Lors de la crise des semi-conducteurs l'année dernière, elle a pu continuer de fabriquer et vendre ses modèles en augmentant ses prix plus facilement, tout en bénéficiant d'un large réseau et une image de marque encore très forte. Et le fait que les voitures allemandes sont des modèles plus haut de gamme que ceux produits en France est même un avantage, l'automobile étant un secteur où la compétition est plus faible en terme de prix, explique Roland Berger.
Effet saisonnalité
Enfin, les voitures premium sont également celles qui possèdent les marges constructeurs les plus élevées et il est plus facile de les réduire lors d'une baisse de la demande afin de continuer à produire le même volume de voitures. La baisse de ce mois-ci s'explique d'ailleurs par la saisonnalité de la production.
D'une part, l'été étant la période des congés, la main d'œuvre diminue et la cadence également. D'autre part, les constructeurs espèrent toute l'année le renouvellement des flottes automobiles, en particulier un changement vers les voitures électriques afin de remplir leurs quotas d'émissions imposés par l'Union européenne. Or, bien souvent, ils doivent produire davantage en fin d'année afin d'atteindre leurs objectifs de volume.
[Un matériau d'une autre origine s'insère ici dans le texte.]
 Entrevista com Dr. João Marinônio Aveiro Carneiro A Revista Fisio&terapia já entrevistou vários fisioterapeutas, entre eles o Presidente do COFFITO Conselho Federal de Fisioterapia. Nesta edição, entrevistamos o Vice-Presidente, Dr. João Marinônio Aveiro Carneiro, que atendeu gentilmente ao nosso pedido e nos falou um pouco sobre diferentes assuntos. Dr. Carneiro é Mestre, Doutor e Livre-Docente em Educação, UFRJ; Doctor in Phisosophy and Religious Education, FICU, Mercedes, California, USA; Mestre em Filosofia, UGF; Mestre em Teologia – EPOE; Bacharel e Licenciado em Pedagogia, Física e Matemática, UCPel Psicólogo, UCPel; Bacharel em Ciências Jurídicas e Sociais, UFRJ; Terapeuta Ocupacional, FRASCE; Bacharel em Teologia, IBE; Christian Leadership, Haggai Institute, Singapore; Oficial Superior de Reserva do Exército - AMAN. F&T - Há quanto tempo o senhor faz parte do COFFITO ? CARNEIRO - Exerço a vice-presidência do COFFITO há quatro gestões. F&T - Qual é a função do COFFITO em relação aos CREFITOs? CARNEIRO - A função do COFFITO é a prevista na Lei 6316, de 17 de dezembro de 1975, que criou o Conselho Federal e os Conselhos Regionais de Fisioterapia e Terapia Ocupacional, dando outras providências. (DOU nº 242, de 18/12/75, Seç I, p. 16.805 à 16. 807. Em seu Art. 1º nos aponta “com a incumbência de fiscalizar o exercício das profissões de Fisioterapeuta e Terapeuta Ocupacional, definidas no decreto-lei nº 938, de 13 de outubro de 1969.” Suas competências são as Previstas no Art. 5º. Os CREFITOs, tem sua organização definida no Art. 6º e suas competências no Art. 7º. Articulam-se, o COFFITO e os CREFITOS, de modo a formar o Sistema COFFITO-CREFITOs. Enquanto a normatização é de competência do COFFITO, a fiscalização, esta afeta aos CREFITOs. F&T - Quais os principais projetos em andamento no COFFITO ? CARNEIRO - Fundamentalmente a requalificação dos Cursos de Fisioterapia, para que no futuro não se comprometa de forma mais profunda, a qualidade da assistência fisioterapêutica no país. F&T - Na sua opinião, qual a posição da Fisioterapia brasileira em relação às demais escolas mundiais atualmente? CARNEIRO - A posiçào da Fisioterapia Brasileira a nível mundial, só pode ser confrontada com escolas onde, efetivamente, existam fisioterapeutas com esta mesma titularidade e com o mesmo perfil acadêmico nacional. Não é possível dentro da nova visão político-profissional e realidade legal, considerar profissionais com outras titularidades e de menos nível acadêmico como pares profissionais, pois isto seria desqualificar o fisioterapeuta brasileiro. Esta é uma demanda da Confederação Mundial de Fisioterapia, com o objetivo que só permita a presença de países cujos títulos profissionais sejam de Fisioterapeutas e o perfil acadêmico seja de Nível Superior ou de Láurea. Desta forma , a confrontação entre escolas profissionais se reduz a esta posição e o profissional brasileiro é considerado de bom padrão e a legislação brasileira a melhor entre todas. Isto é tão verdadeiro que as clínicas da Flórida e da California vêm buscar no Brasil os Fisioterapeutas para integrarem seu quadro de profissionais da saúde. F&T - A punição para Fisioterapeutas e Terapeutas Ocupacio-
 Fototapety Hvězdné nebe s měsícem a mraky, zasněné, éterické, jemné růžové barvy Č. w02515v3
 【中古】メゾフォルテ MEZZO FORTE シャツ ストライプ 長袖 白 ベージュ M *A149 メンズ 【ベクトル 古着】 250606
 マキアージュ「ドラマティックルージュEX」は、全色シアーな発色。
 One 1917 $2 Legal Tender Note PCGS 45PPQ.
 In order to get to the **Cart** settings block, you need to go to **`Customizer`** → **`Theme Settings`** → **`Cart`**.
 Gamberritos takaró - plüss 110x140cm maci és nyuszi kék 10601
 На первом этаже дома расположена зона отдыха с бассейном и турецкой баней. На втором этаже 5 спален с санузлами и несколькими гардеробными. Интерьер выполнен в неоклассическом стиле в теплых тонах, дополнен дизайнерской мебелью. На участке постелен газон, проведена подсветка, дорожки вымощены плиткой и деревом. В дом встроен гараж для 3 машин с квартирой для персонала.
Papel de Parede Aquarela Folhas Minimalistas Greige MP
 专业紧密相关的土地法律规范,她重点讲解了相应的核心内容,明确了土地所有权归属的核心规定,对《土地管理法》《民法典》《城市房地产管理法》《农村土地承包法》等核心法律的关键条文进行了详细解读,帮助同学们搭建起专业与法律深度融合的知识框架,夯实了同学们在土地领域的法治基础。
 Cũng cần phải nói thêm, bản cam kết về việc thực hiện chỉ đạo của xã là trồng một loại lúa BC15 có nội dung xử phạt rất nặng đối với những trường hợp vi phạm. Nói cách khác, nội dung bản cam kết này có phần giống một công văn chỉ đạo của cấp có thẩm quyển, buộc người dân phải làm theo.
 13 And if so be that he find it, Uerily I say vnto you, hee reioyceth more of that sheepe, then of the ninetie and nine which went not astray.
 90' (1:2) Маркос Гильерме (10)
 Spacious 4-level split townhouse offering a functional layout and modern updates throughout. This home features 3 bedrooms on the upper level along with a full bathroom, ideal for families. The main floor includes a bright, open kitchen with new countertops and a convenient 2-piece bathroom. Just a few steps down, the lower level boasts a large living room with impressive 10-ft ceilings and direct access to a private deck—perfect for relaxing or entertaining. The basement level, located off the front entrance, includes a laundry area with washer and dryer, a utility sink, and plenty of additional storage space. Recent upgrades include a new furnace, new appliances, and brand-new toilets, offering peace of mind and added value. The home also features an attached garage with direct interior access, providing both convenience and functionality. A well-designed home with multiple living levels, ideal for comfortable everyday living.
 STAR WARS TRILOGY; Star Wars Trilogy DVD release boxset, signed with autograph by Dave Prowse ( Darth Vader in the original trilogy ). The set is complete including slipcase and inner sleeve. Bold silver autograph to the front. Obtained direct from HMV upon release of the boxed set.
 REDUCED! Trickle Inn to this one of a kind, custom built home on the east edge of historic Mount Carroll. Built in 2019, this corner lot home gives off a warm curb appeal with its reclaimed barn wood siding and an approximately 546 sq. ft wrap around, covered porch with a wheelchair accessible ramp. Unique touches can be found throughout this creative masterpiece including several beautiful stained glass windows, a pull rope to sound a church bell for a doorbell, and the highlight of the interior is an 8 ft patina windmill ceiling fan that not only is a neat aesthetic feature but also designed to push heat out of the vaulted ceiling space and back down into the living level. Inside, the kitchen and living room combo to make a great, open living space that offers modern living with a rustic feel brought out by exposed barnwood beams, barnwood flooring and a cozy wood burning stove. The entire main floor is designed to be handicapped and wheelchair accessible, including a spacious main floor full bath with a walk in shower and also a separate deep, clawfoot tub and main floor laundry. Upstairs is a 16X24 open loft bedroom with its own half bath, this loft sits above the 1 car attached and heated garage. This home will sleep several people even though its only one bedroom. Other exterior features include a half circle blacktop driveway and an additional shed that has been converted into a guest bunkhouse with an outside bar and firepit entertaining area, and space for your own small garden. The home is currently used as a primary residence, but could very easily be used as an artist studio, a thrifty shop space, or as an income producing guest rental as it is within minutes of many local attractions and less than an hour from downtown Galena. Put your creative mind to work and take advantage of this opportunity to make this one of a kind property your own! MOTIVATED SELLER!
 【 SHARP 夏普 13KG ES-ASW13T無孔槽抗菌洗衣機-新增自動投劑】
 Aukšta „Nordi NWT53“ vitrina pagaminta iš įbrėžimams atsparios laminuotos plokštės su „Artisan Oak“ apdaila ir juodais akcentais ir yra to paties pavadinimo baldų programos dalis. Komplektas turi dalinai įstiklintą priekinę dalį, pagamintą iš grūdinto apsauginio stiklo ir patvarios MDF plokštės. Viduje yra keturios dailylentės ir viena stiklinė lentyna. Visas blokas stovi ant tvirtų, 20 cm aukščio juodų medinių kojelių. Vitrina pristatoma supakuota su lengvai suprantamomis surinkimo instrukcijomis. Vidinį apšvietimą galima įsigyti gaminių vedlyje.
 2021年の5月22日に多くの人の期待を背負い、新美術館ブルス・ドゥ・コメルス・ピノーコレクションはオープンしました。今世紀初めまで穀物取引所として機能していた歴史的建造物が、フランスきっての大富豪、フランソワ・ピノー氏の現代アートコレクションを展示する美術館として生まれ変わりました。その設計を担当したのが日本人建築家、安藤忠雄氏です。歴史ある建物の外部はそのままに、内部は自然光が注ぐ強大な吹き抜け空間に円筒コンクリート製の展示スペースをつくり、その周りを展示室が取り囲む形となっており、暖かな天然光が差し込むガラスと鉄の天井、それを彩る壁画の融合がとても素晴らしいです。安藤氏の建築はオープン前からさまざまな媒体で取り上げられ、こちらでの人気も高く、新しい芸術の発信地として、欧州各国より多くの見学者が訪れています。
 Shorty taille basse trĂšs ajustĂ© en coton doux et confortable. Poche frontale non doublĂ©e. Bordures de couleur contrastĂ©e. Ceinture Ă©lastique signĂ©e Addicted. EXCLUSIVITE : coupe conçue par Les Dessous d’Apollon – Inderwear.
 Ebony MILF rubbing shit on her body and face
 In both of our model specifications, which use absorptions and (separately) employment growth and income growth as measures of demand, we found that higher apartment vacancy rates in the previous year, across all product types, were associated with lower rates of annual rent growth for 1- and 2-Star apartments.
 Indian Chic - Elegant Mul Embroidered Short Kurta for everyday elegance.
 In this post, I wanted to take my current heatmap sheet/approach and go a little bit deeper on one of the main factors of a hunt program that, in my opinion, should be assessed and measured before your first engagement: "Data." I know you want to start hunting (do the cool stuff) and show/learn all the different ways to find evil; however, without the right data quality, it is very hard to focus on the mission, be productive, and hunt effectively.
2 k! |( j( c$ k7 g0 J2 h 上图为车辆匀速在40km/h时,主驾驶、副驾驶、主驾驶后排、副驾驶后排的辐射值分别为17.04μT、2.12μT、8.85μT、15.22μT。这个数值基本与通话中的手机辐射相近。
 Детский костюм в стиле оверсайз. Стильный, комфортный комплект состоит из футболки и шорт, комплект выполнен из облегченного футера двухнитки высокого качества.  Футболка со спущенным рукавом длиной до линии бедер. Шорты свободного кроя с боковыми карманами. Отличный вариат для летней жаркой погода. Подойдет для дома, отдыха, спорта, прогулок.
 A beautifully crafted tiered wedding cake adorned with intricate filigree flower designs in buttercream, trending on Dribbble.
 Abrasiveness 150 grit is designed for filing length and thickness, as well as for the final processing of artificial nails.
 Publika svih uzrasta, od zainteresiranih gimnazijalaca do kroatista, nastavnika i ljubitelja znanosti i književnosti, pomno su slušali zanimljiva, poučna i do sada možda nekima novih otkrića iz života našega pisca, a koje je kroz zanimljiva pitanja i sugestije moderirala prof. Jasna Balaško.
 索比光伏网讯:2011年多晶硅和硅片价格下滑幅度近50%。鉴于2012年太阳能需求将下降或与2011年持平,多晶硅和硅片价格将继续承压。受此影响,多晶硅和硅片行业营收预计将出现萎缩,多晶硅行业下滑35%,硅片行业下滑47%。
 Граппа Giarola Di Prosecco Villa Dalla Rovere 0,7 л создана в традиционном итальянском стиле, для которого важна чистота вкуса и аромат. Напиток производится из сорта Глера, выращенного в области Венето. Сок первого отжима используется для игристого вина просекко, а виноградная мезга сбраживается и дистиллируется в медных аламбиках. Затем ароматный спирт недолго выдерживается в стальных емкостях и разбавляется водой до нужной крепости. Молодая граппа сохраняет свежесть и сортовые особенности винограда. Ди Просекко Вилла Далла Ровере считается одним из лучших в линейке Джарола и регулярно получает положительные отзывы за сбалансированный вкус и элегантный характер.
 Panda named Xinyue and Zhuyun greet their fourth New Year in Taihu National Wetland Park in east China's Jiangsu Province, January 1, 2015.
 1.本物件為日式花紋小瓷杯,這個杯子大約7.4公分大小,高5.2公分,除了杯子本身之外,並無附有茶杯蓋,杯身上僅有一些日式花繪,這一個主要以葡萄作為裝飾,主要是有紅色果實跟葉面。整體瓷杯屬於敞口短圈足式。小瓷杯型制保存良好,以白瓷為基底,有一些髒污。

Autre effet possible qui peut être lié à ce recul : la diminution des ventes en Chine ou aux Etats-Unis des constructeurs allemands. Toutefois, cette baisse de la demande n'inquiète pas les analystes, estimant que les constructeurs allemands s'adapteront aux fluctuations du marché. La marque Volkswagen serait la plus touchée, car positionnée sur les segments des moyennes gammes, les plus concurrentiels sur les prix, mais aussi ceux qui ont le plus de parts de marché en Chine.
L'électrique ne changera pas la donne
Le virage vers l'électrique ne semble pas non plus inquiéter la production industrielle allemande. D'ailleurs, le milliardaire Elon Musk a choisi Berlin pour implanter sa gigafactory en 2019, après la bataille acharnée des pays européens pour accueillir le plus gros site de fabrication de Tesla en Europe. En juillet dernier, la marque californienne a annoncé déposer une demande d'autorisation afin de doubler sa capacité de production, passant ainsi de 500.000 véhicules par an à 1 million.
Sur 2022-2030, les prévisions des cabinets de conseil voient la production allemande croître de 5,2 %, un rythme nettement supérieur à la moyenne européenne prévue, de 1,6 %. Elle sera principalement dominée par le constructeur américain qui devrait représenter 65 % de la production allemande additionnelle en 2030 par rapport à 2022. L'Allemagne devrait même dépasser la part de la production européenne qu'elle avait en 2015 d'ici à 2030 pour atteindre 30 %, soit un gain de 7 points en 8 ans, selon le cabinet Roland Berger.
Preuve en est que l'industrie allemande ne faiblit pas, le géant taïwanais TSMC a annoncé cette semaine qu'il prévoit d'installer sa première usine européenne outre Rhin. Cette usine permettra d'approvisionner l'Europe en semi-conducteurs, principalement pour l'industrie automobile.